Metagenomic analysis of a sample from a patient with respiratory tract infection reveals the presence of a <tex>$\gamma$</tex>-papillomavirus
Farsani, Seyed M. Jazaeri
Faculty of Medicine and Health Sciences
Lausanne :Frontiers Research Foundation
Frontiers in microbiology. - Lausanne, 2010, currens
, 5 p.
University of Antwerp
Previously unknown or unexpected pathogens may be responsible for that proportion of respiratory diseases in which a causative agent cannot be identified. The application of broad-spectrum, sequence independent virus discovery techniques may be useful to reduce this proportion and widen our knowledge about respiratory pathogens. Thanks to the availability of high throughput sequencing (HTS) technology, it became today possible to detect viruses which are present at a very low load, but the clinical relevance of those viruses must be investigated. In this study we used VIDISCA-454, a restriction enzyme based virus discovery method that utilizes Roche 454 HTS system, on a nasal swab collected from a subject with respiratory complaints. A γ-papillomavirus was detected (complete genome: 7142 bp) and its role in disease was investigated. Respiratory samples collected both during the acute phase of the illness and two weeks after full recovery contained the virus.
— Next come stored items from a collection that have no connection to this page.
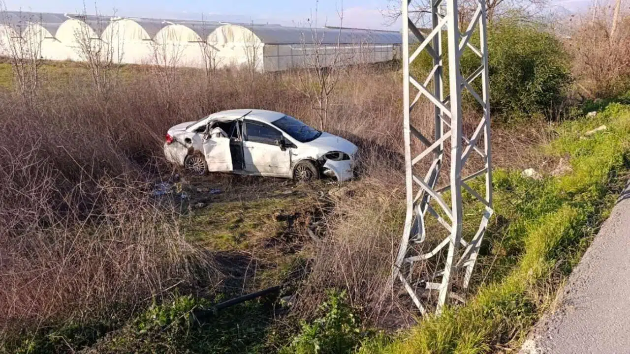 Antalya'nın Serik ilçesinde meydana gelen trafik kazasında 4 kişi yaralandı. Kaza, dün saat 15.30 sıralarında Çandır Mahallesi’nde yaşandı. F.K. yönetimindeki 07 YPS 06 plakalı otomobil, sürücüsünün direksiyon hâkimiyetini kaybetmesi sonucu yoldan çıktı. Kontrolden çıkan araç önce elektrik direğine çarptı, ardından tarlaya savruldu.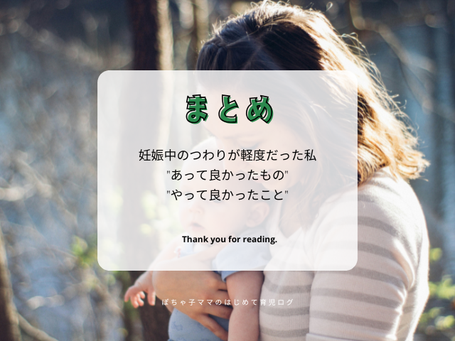「つわりが軽いから大丈夫」の気持ちも大事ですが、**つわりが軽いうちに整えておく**ことが本当に大切でした。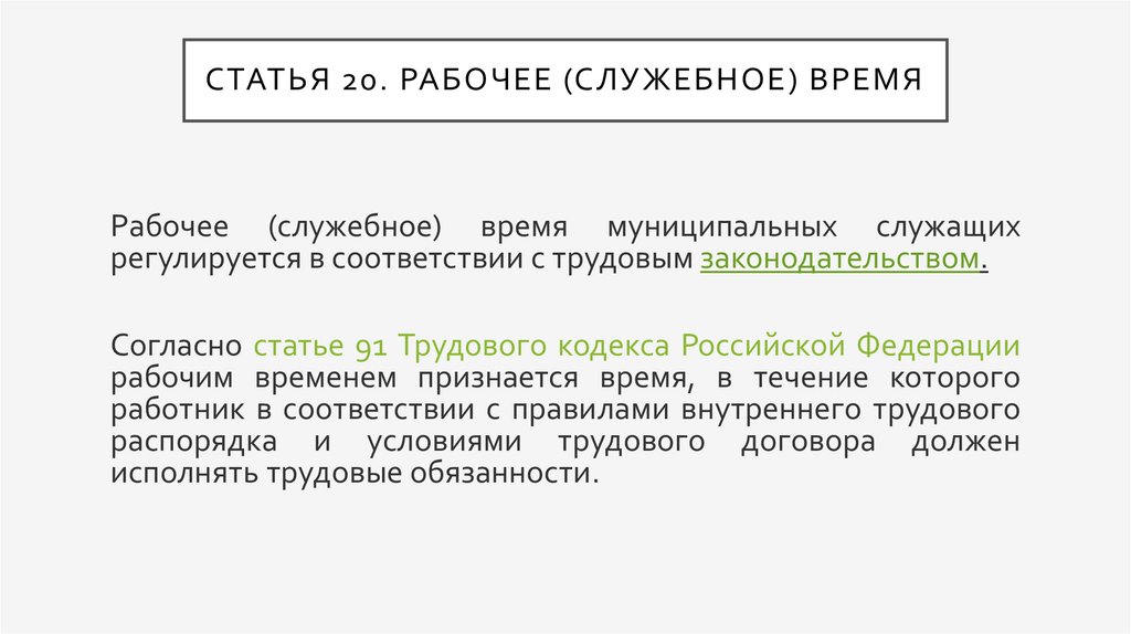 СТАТЬЯ 20. РАБОЧЕЕ (СЛУЖЕБНОЕ) ВРЕМЯРабочее (служебное) время муниципальных служащих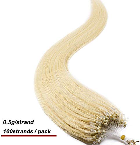 Rich Choices 60cm Extension Capelli Veri Anelli 100 Ciocche Microring Hair Extension Capelli Lisci Naturali Peso 50g, 613 Biondo Chiarissimo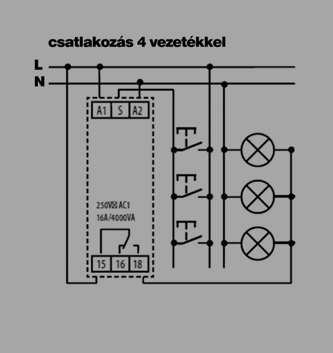 A mai lépcsőházi automatákkal rendszerint mindkét vezetékezési mód esetén kiválthatók az elromlott régi készülékek. Eltérés csupán annyi, hogy a potenciálmentes kontaktus közös pontjára is rá kell kötnünk egy állandó fázist (5. kép).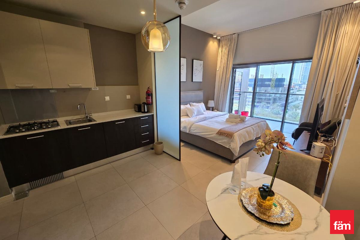 fäm Properties is pleased to present this fully furnished studio apartment located in the prestigious Park View Tower, Jumeirah Village Circle (JVC). With a spacious area of 471.89 sqft, this residence offers a comfortable and modern living space at a competitive rental price of AED 64,000 per annum.

The patient presented antibodies directed against the virus but there was no difference between IgG levels in blood samples collected during the acute phase and two weeks after full recovery. We therefore concluded that the detected γ-papillomavirus is unlikely to be the causative agent of the respiratory complaints and its presence in the nose of the patient is not related to the disease. Although HTS based virus discovery techniques proved their great potential as a tool to clarify the aetiology of some infectious diseases, the obtained information must be subjected to cautious interpretations. This study underlines the crucial importance of performing careful investigations on viruses identified when applying sensitive virus discovery techniques, since the mere identification of a virus and its presence in a clinical sample are not satisfactory proofs to establish a causative link with a disease.